As for the so-called temporarily bonded[5] peasants,” the speaker went on to say, “we see from an examination of the verified deeds that in Tiflis Gubernia 1,444 households were left without any land and 386 households received no land even for their dwelling-houses and gardens. They comprise 13 per cent of the total number of landlords’ peasants in Tiflis Gubernia. In Kutais Gubernia there was an even greater number of peasants left without land after the Reform. Even if we take the Tiflis ratio to apply to the former serfs in all the gubernias, we get in Kutais Gubernia 5,590 households, representing 25,000 persons, who received not a single patch of land when the peasants were emancipated in the Caucasus. Twenty years after the Reform, in 4895, continues the author of the memorandum on the abolition of obligatory relations, there were in Yelisavetpol Gubernia 5,308 landless households, or 25,000 persons of both sexes. In Baku Gubernia there were 3,906 households, or 11,709 landless persons of both sexes. And here are data on the amount of land held by the peasants who were temporarily bonded and who have not redeemed their allotments but have some kind of farm. In Tiflis Gubernia the per capita amount is 0.9 dessiatine, and in Kutais Gubernia 0.6 dessiatine. Among those who have redeemed their allotments, the per capita holdings amount to 1.7 dessiatines in Tiflis Gubernia and to 0.7 dessiatine in Kutais Gubernia. That is the extent to which peasants having some sort of farm are provided with land. We find a general description of the economic position of the peasants in the Caucasus in the report of the Kutais Gubernia Committee on the needs of the agricultural industries. According to data culled from various official investigations, the proportion of peasants suffering acute want in Kutais Gubernia is as high as 70 per cent. Furthermore, it is also pointed out that 25 per cent of the nobility in that gubernia are suffering acute want.
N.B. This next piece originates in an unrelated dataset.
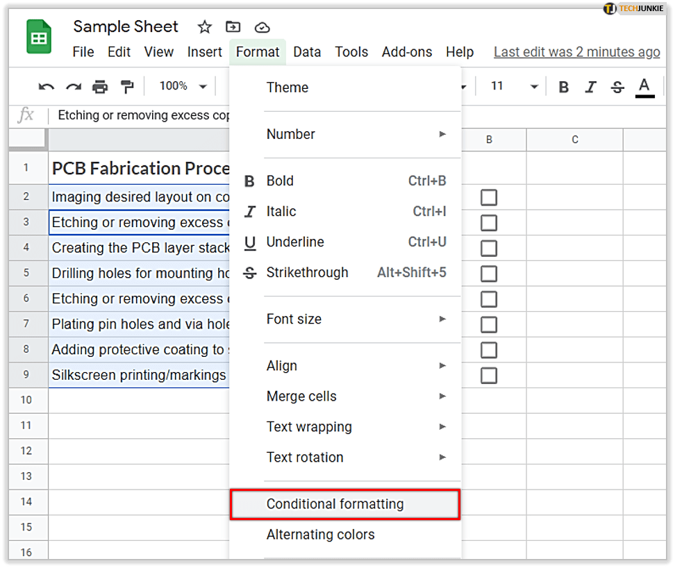 由于普通单元格和复选框单元格的格式规则相同,因此您可以根据其他部分自定义它们你的电子表格。这意味着您可以使用不同的颜色来标记它们,此外,它们的字体和字体大小也可以更改。

Owners of such plots of land can retain their economic independence,” the report goes on to say, “only if they have earnings outside their farms, and they are in no position to spend anything at all on improvements, implements and fertiliser. The big demand could not but have an effect on the cost of renting allotments, which is as high   as 60 per cent of the gross income in the case of the share-cropping system, and sometimes, in years of a poor crop, payment in the form of a definite quantity of the produce of the land exceeds the gross income. Cases of land being leased for money are rare, and the rent amounts to 30 rubles per dessiatine a year. This is the situation in Kutais Gubernia. And now a few figures on the amount of land held by the peasants in four uyezds of Yelisavetpol Gubernia. According to data concerning all the peasants who live on the owner’s land, the holdings in four uyezds of Yelisavetpol Gubernia, namely, Jibrail Zangezur, Shusha and Jevanshir, are up to 0.6 dessiatine per person. Senator Kuzminsky has calculated that the average allotment per male person among the peasants settled on the owner’s land in Lenkoran Uyezd of Baku Gubernia amounts to 0.5 dessiatine, and in Kuba Uyezd to 0.9 dessiatine. That, gentlemen,” the speaker concluded, “is how the peasants in Transcaucasia are provided with land.”
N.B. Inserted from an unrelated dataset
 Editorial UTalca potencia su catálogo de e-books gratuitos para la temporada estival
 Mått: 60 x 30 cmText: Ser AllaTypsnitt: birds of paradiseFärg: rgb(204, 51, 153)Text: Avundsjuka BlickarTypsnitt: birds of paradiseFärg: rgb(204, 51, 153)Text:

Since the condition of the Caucasian peasants as regards land-hunger differs but little from that of the peasants in Russia, where, one may ask, does the reserve of land for resettlement in the Caucasus come from, and why are people sent there as settlers, instead of resettlement of the local peasants being carried out?
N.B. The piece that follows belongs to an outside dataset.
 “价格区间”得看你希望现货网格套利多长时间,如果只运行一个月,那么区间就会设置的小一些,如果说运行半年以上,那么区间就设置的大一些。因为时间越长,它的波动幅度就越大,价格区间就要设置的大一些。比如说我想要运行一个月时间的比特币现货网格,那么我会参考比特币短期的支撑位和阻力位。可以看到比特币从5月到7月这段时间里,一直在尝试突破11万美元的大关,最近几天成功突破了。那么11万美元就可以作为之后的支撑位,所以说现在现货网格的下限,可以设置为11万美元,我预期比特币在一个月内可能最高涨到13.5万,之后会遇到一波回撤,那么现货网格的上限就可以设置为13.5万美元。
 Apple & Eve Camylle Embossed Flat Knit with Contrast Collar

The land for resettlement is obtained as a result of flag rant violation of the land rights of the native inhabitants, and the settlement of peasants from Russia is carried on for the glory of the old nationalist principle of “Russification of the outlying regions”.

Deputy Chkheidze cited a number of facts, likewise culled from official sources, about how whole villages of natives were driven from their homes so that a reserve of land might be created for resettlement, how court trials were engineered to justify the expropriation of land held by mountaineers (report on the mountain village of Kiknaveleti, Kutais Uyezd, submitted by Prince Tsereteli, Marshal of the Nobility, to the Minister of the Interior), etc. Nor were all these isolated or exceptional facts but “typical cases”, as was also established by Senator Kuzminsky.

The result is downright hostile relations between the settlers and the natives. Thus, for instance, when the Alar community was driven from its lands, “evicted”, to quote Senator Kuzminsky, “without being provided with land, and left to its fate”, the settlers who seized its land were armed at government expense: the uyezd rural superintendents[6] were ordered to “see to it that the peasants of the newly-established   villages on the Mugan, including those from Pokrovskoye, were supplied with arms—ten Berdan rifles for each hundred households”. This is an interesting illustration of the “nationalist course” of the present policy.

Nevertheless, Right-wing deputies to the Duma spoke triumphantly of the existence of a reserve for resettlement amounting to 1,700,000 dessiatines, citing the report of the Vice-Gerent of the Caucasus to this effect. However, according also to the testimony of the Vice-Gerent, nearly half of this reserve has already been taken over by settlers, while a considerable part of it is situated in areas where—according again to the Vice-Gerent’s evidence—it is physically impossible for cultivators unaccustomed to the conditions to engage in farming.

Deputy Chkheidze also spoke of the way in which the government provides for the new settlers. “Inadequate water supply and lack of irrigation on the land set aside for resettlement,” says the report of the Vice-Gerent, “particularly in the eastern areas of Transcaucasia, is one of the main reasons why many peasants already settled migrate back again. In the Black Sea region the new settlers are deserting their farms because of the absence of roads suitable for wheeled traffic not only between the various settlements, but even within each of the resettlement areas. To this it should be added that in their turn the unfavourable climatic conditions, to which the settlers are unaccustomed and which are attended in many parts of the Caucasus by malaria that affects not only people but livestock as well, no less than the lack of roads, cause the less sturdy of the new settlers to flee from the Caucasus. Due to the above-mentioned causes there is a continuous migration in evidence from the Yelisavetpol and Baku gubernias and from Daghestan Region, as well as from the Tiflis and Black Sea gubernias.”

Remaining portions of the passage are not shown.